In a speech to the United Nations Thursday, President Obama galvanized world leaders to make the Ebola epidemic a priority, calling it a “growing threat” to global security.
“If this epidemic is not stopped, this disease could cause a humanitarian catastrophe across the region,” Obama told the UN. “In an era when regional crises can quickly become global threats, stopping Ebola is in the interests of the entire world.”
Since the outbreak began in March, global mobilization efforts to combat the epidemic have been severely delayed. Last week, Obama announced the deployment of 3,000 troops to Liberia to provide support to those fighting the disease. But with a new report from the CDC Wednesday suggesting a worst-case scenario of 1.4 million cases by January, a surge in support seems long overdue.
“We know from experience that the response to an outbreak of this magnitude needs to be both fast and sustained—like a marathon, but run at the pace of a sprint,” Obama told the UN. But with America in the midst of another battle abroad, the president seems anxious to enlist the help of other countries. “That’s only possible if every nation and every organization does its part. And everyone has to do more.”
In August, the World Health Organization declared the outbreak in West Africa an international health emergency, nearly six months after the initial case in Guinea. Current data from WHO, which the director calls a “vast underestimate,” stands at 2,917 deaths out of 6,263 cases of Ebola in West Africa.

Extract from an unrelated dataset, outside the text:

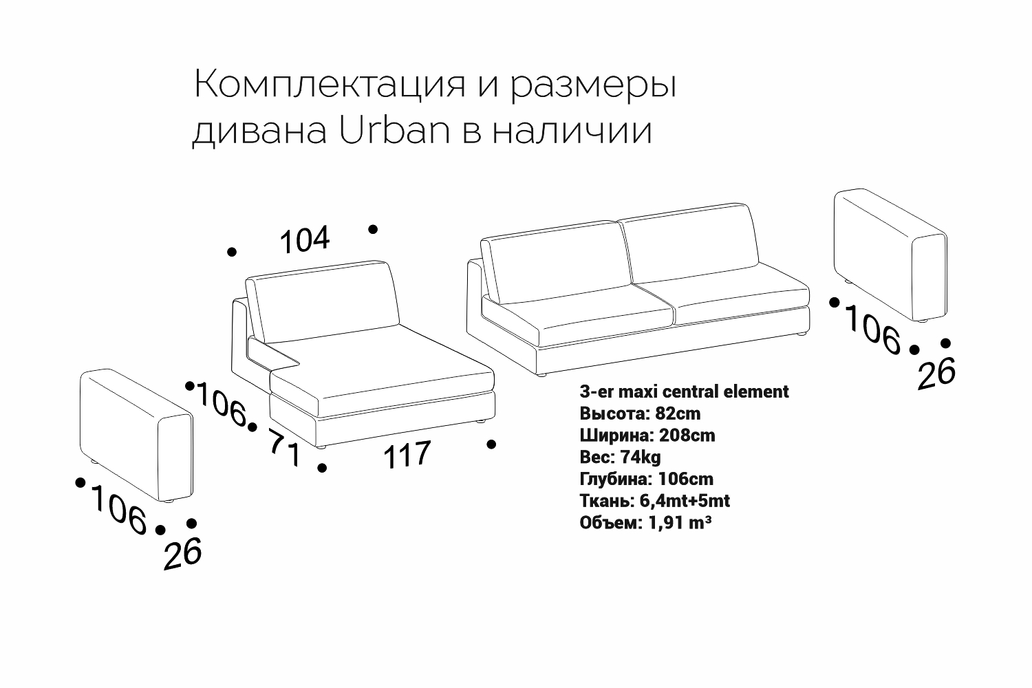 - Модульный итальянский диван URBAN 2.0 от Ditre Italia, 3-х местный элемент и шезлонг, серая ткань, 377х106/177хh82 см

According to the CDC’s report Wednesday, the real numbers to be 2.5 times as high.
If global support has yet to curb the spread of the disease, it’s not for lack of trying.

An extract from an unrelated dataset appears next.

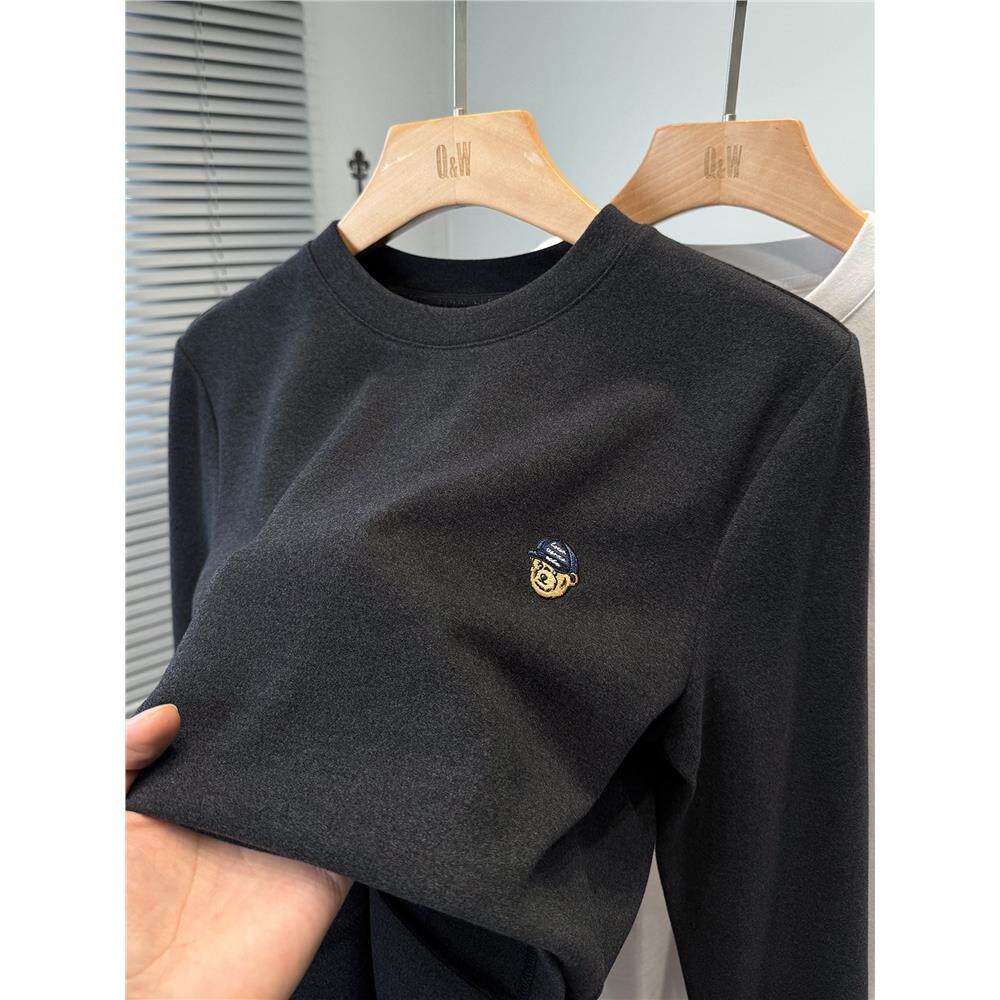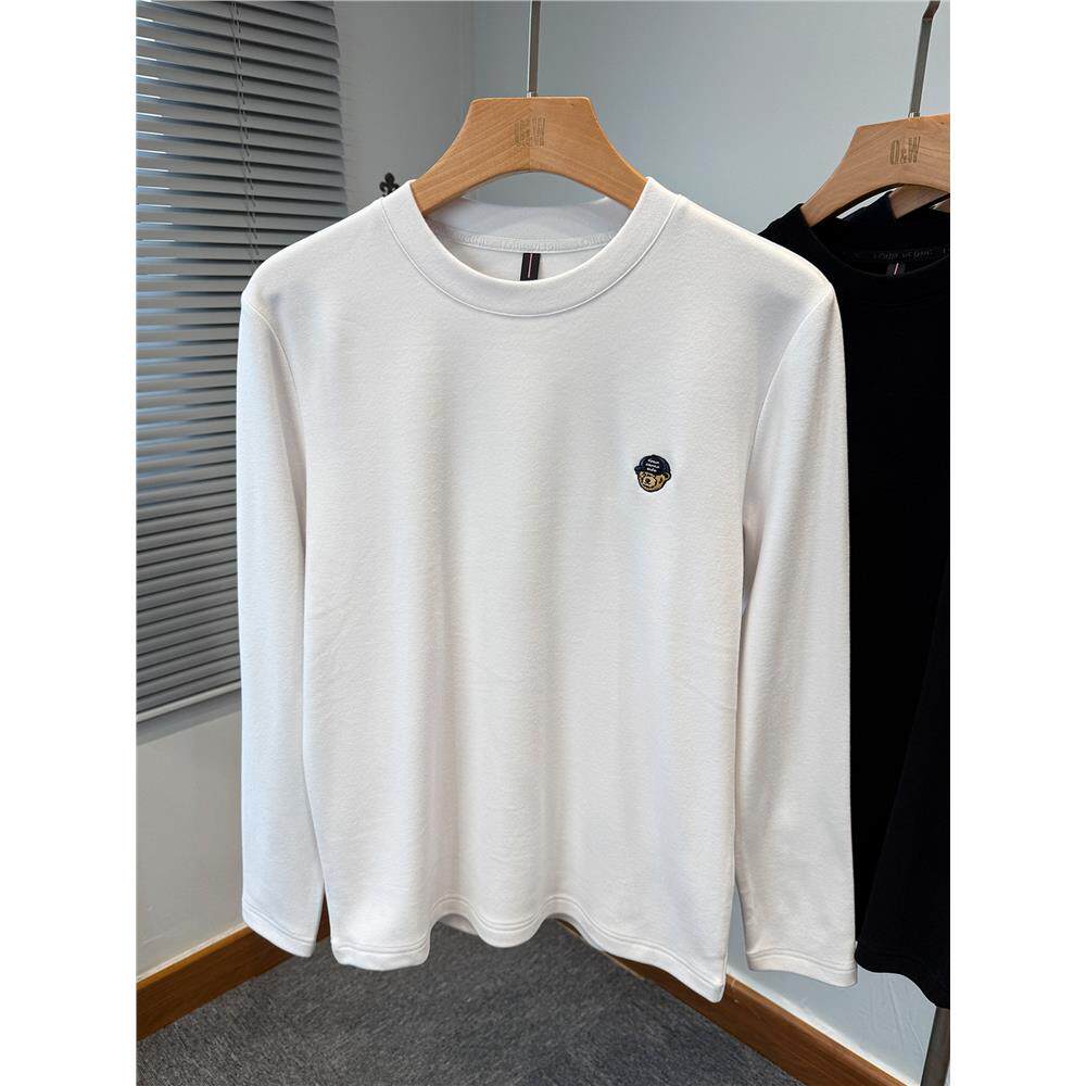 小熊刺绣磨毛德绒打底衫男款长袖冬季青年休闲t恤男圆领修身内搭

Last Thursday, China pledged $33 million to UN emergency aid, after earlier sending $2 million to the World Health Organization and African Union. With more than 50 new Chinese scientists arriving last week in Sierra Leone, the country now has over 200 medical experts helping on the ground.

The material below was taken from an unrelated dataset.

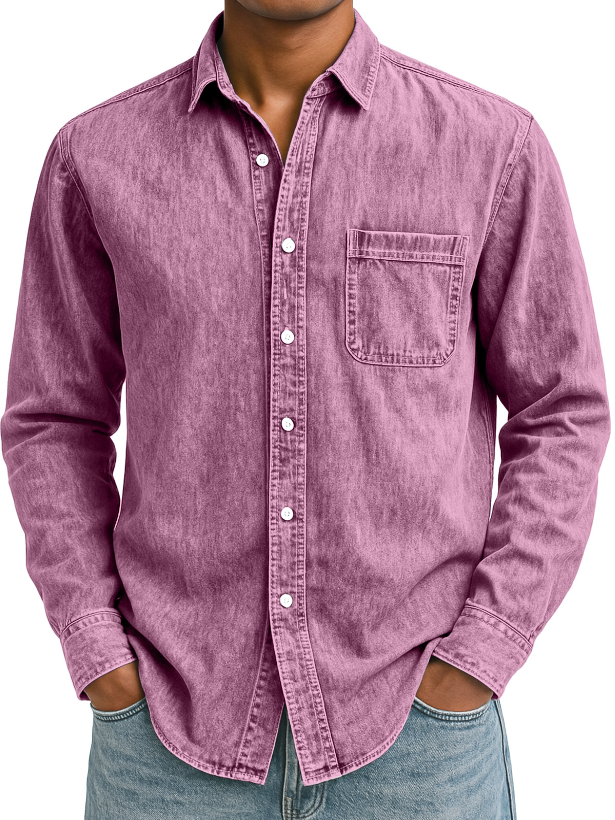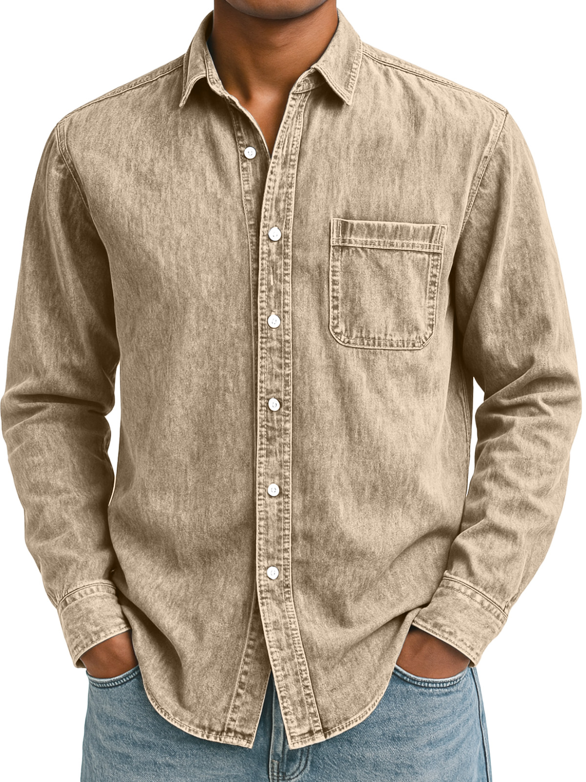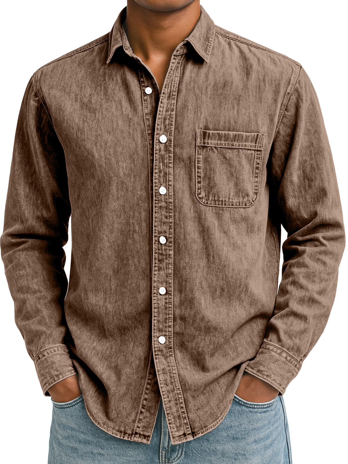 Men's Simple Retro Solid Color Lapel Long-sleeved Shirt

Responding to the outbreak last Friday, German Chancellor Angela Merkel announced a joint airlift with France to use base military planes to send supplies, a mobile clinic, and personnel. The planes, which will deliver 100 tons of supplies per day, will be bolstered by each country’s own treatment center—France’s in Guinea, Germany’s in Liberia.
The UK, too, is now an active player in the containment mission. But their pledge, to donate 700 beds to Sierra Leone in “the next few months,” is perhaps a perfect embodiment of the fatal flaw in the world’s response effort: timing. According to the CDC’s Wednesday report, the rate of deaths and cases in West Africa is doubling in as little as 30-day periods. At an emergency UN Security Council meeting on Ebola last week, WHO Director Margaret Chan claimed the speed with which the epidemic is growing is even faster, with the number of cases doubling “every two weeks.”
At the current rate with which the epidemic is moving—without a successful containment effort—there will be 8,000 cases of Ebola in Sierra Leone and Liberia by September 30 alone. Seven hundred beds may make a difference today, but in a “few months time,” the contribution will likely seem pathetic.
Obama appeared acutely aware of the magnitude of the situation, and the urgency with which immediate action is needed. “I want us to be clear: We are not moving fast enough. We are not doing enough. Right now, everybody has the best of intentions, but people are not putting in the kinds of resources that are necessary to put a stop to this epidemic,” he told world leaders. “There is still a significant gap between where we are and where we need to be.”
More contributions continue to flow in daily, including a pledge from the World Bank of $170 million (bringing their total support to $400 million), but the concern that it’s all too little, too late, is warranted. With the U.S. in the process of deploying thousands of troops to Liberia to the tune of hundreds of millions, the president says it is time the rest of the world step up.
“[The U.S.] can’t do this alone. Do not stand by thinking that somehow because of what we’ve done, it’s somehow taken care of,” said Obama. “It’s not.”